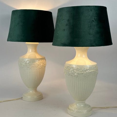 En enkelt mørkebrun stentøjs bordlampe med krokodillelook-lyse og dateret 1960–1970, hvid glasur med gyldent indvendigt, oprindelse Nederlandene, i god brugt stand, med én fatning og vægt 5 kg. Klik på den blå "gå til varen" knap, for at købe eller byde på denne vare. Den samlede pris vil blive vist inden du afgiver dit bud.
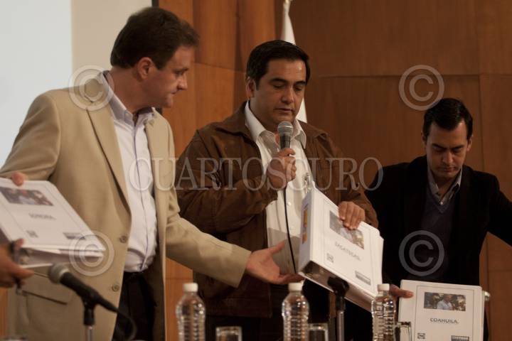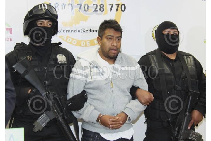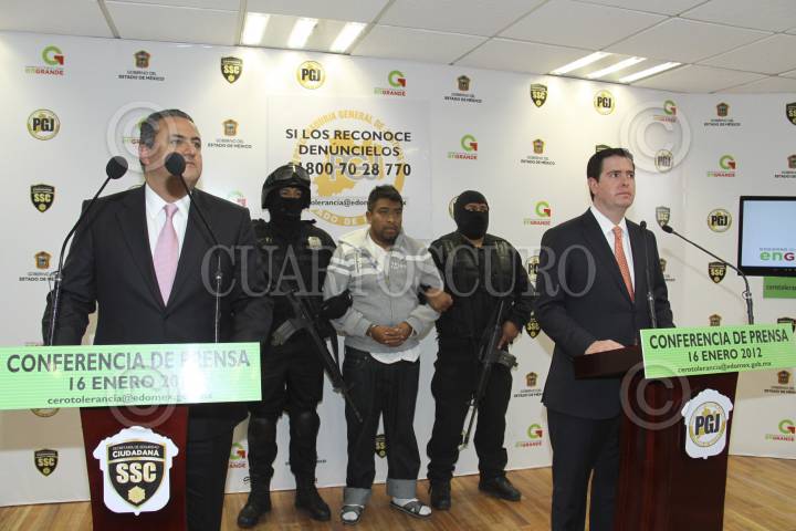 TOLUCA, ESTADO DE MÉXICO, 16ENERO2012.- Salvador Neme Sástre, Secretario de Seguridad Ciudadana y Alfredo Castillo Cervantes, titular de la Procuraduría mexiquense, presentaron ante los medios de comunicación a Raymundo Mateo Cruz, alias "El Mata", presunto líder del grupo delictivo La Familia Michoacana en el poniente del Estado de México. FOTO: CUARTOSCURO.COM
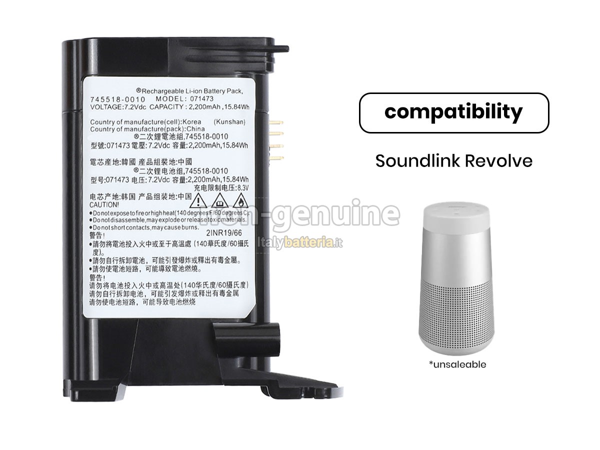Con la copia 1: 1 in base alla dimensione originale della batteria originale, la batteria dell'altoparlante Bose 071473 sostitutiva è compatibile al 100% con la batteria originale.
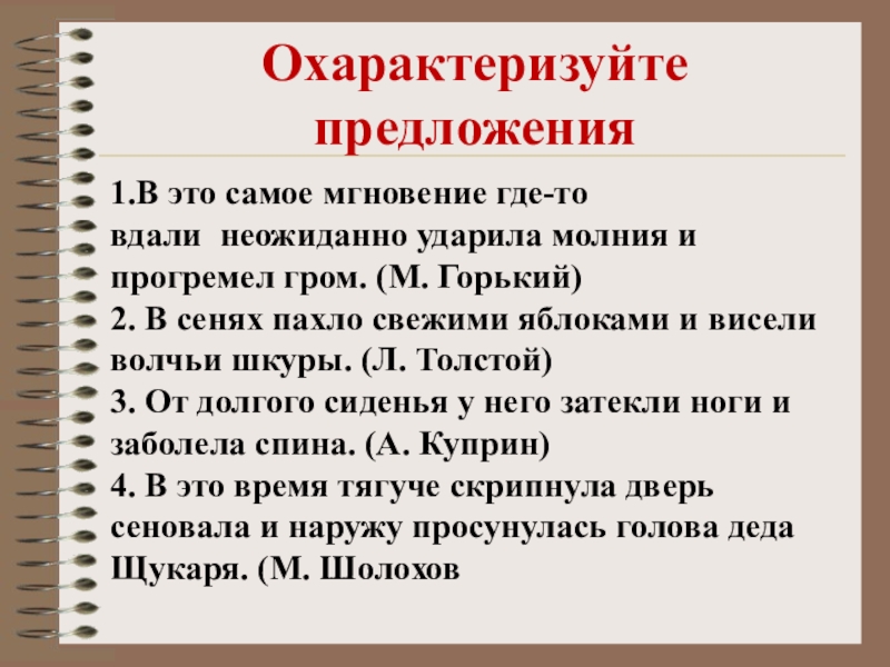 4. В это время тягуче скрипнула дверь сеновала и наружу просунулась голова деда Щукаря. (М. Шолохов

-------

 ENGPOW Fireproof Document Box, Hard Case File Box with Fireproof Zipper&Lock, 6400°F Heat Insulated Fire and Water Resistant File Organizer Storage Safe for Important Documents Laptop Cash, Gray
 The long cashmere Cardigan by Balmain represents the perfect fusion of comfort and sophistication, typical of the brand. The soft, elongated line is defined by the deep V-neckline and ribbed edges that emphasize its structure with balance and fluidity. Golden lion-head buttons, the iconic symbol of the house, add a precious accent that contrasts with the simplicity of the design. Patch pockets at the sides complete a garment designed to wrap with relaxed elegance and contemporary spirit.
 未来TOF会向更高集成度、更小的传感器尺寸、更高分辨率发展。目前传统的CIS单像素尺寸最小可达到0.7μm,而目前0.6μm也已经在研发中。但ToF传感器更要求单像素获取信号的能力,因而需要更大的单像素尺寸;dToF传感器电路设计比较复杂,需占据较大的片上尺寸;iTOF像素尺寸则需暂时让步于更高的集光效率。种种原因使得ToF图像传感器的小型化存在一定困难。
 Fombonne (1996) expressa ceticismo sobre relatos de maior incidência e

-------

● **Activity**: Within the listing above, extract exactly the lines that run from the one containing "En enkelt mørkebrun" through the one containing "4. В это время", excluding any pictures.

● **Task response**:
 En enkelt mørkebrun stentøjs bordlampe med krokodillelook-lyse og dateret 1960–1970, hvid glasur med gyldent indvendigt, oprindelse Nederlandene, i god brugt stand, med én fatning og vægt 5 kg. Klik på den blå "gå til varen" knap, for at købe eller byde på denne vare. Den samlede pris vil blive vist inden du afgiver dit bud.
 TOLUCA, ESTADO DE MÉXICO, 16ENERO2012.- Salvador Neme Sástre, Secretario de Seguridad Ciudadana y Alfredo Castillo Cervantes, titular de la Procuraduría mexiquense, presentaron ante los medios de comunicación a Raymundo Mateo Cruz, alias "El Mata", presunto líder del grupo delictivo La Familia Michoacana en el poniente del Estado de México. FOTO: CUARTOSCURO.COM
Con la copia 1: 1 in base alla dimensione originale della batteria originale, la batteria dell'altoparlante Bose 071473 sostitutiva è compatibile al 100% con la batteria originale.
 4. В это время тягуче скрипнула дверь сеновала и наружу просунулась голова деда Щукаря. (М. Шолохов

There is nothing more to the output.